Chapter 12
LINK SEWAKTU-WAKTU DAPAT BERUBAH, JANGAN LUPA FOLLOW IG @WONBIN_RI1ZE
Chapter 12
Mata Leonard saat ini terlalu jernih untuk mengabaikan saran konyolnya sebagai orang yang sedang mabuk. Pada akhirnya, tidak butuh waktu lama hingga keheningan yang menyelimuti meja kartu setelah ucapan tersebut berubah menjadi sorak-sorai yang antusias.
"Bukankah itu menyenangkan? Bagaimana kalau mempertaruhkan semua chip yang kita miliki di sini?"
"Besar! Aku akan bergabung, Aku akan bergabung!." Peter mendorong tumpukan chip poker di depannya dengan penuh semangat.
Bjorn menghela nafas pelan dan dengan malas bersandar di kursinya. Karena semakin banyak orang bodoh yang menunjukkan minat mereka untuk berpartisipasi dalam taruhan tidak berguna satu per satu, permainan yang baru saja mereka mainkan menjadi terbengkalai.

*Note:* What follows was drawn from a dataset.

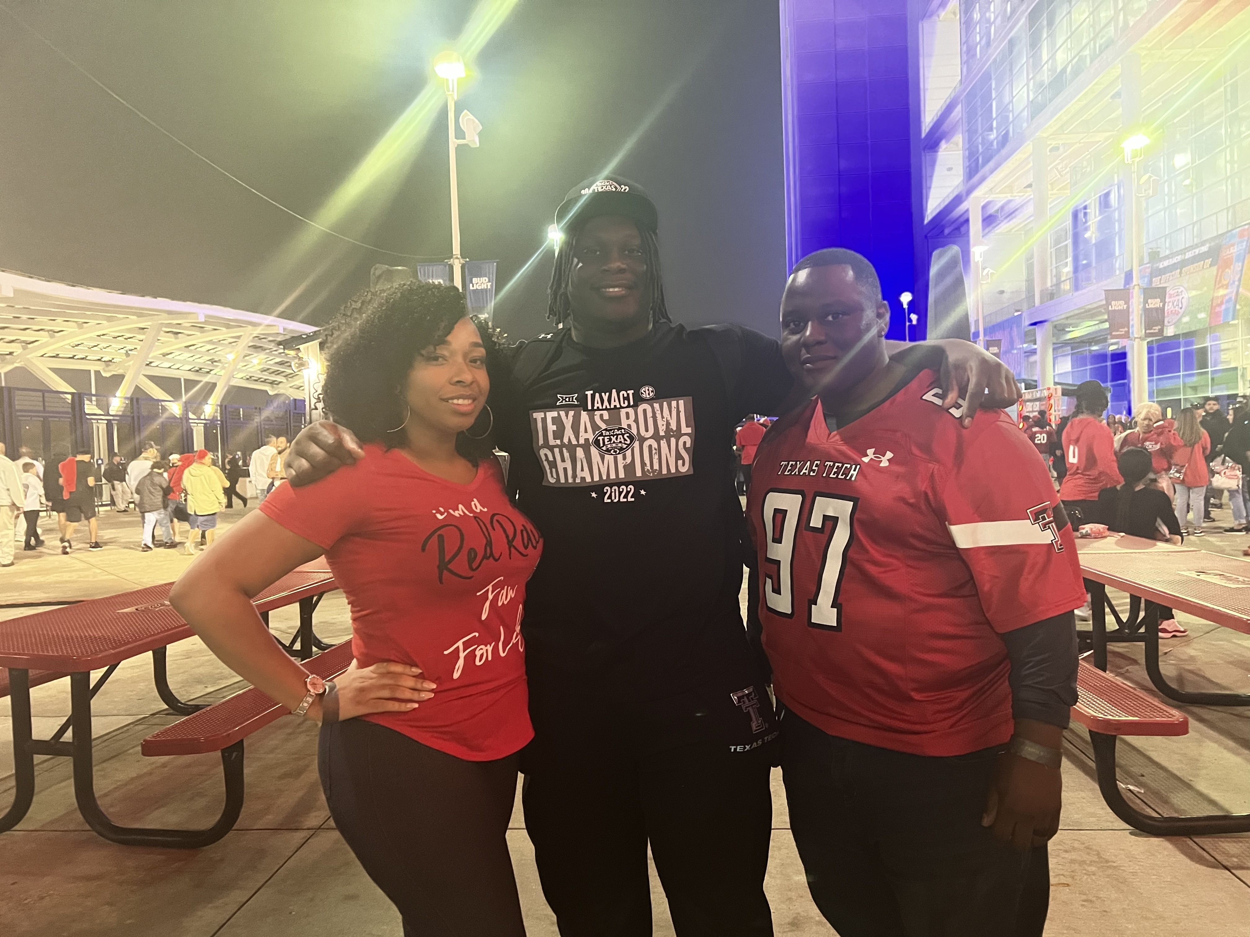 I would like to thank the Houston Texans for affording my family and I the opportunity to go to the game!! We had a blast!! Let's go Red Raiders!!!!

'Leonard, kamu bajingan. Kamu pikir aku akan kalah dalam taruhan baru ini, lihat saja bagaimana aku akan membalikkan papan permainan kamu sepenuhnya.'
Leonard tidak bergeming meskipun Bjorn meliriknya dengan kesal. Sementara itu, chip poker dari berbagai tempat memenuhi bagian tengah meja yang berantakan.
Para peserta menyadari bahwa pertaruhannya jauh lebih besar daripada yang mereka perkirakan sebelumnya dan sekarang mereka semua sangat ingin menang. Namun, hanya ada satu orang yang belum memasang taruhan.

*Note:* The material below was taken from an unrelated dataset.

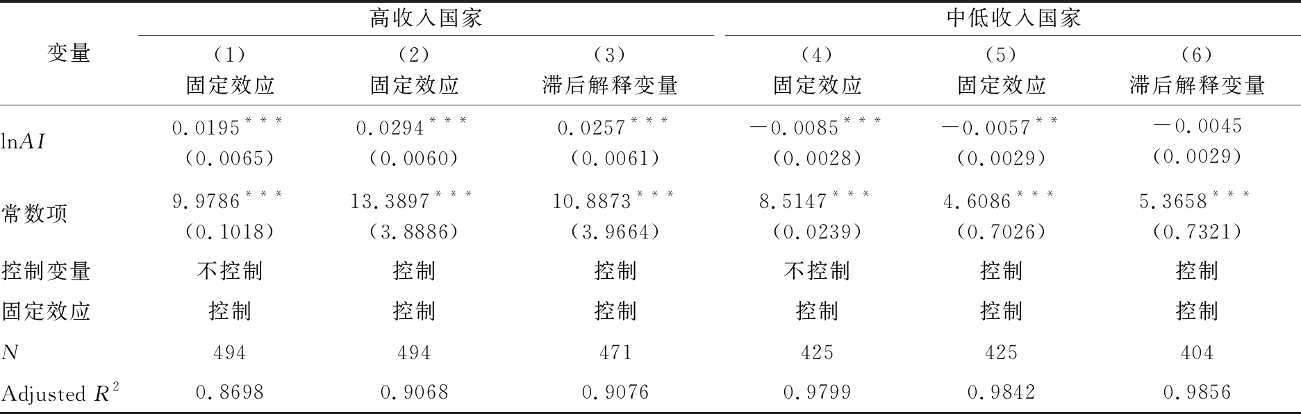 变量高收入国家(1)固定效应(2)固定效应(3)滞后解释变量中低收入国家(4)固定效应(5)固定效应(6)滞后解释变量lnAI0.0195***(0.0065)0.0294***(0.0060)0.0257***(0.0061)-0.0085***(0.0028)-0.0057**(0.0029)-0.0045(0.0029)常数项9.9786***(0.1018)13.3897***(3.8886)10.8873***(3.9664)8.5147***(0.0239)4.6086***(0.7026)5.3658***(0.7321)控制变量不控制控制控制不控制控制控制固定效应控制控制控制控制控制控制N494494471425425404Adjusted R20.86980.90680.90760.97990.98420.9856

"Bjorn, apakah kamu akan bergabung juga? Ayo." Peter menyelinap ke sisi Bjorn sambil mencoba membujuknya.
Semua orang di ruangan itu tahu bahwa Bjorn Dniester tidak akan pernah berpartisipasi dalam taruhan jenis ini. Oleh karena itu, mereka perlu menawarkan taruhan yang lebih besar karena kesempatan untuk merampok Pangeran yang terkenal dengan keberuntungannya dalam berjudi tidak sering datang.
"Bergabunglah dengan kami, ya?" Peter bertanya lagi dengan gugup, sambil mendorong tumpukan chip poker di depan Bjorn.
Meski sang Pangeran kesal dengan gencarnya mengemis, pada akhirnya dia tidak menolak provokasi mereka. Sikap pergi di tengah permainan membuatnya kesal, tapi tidak ada yang bisa dia lakukan jika mereka memberikan umpan yang begitu besar.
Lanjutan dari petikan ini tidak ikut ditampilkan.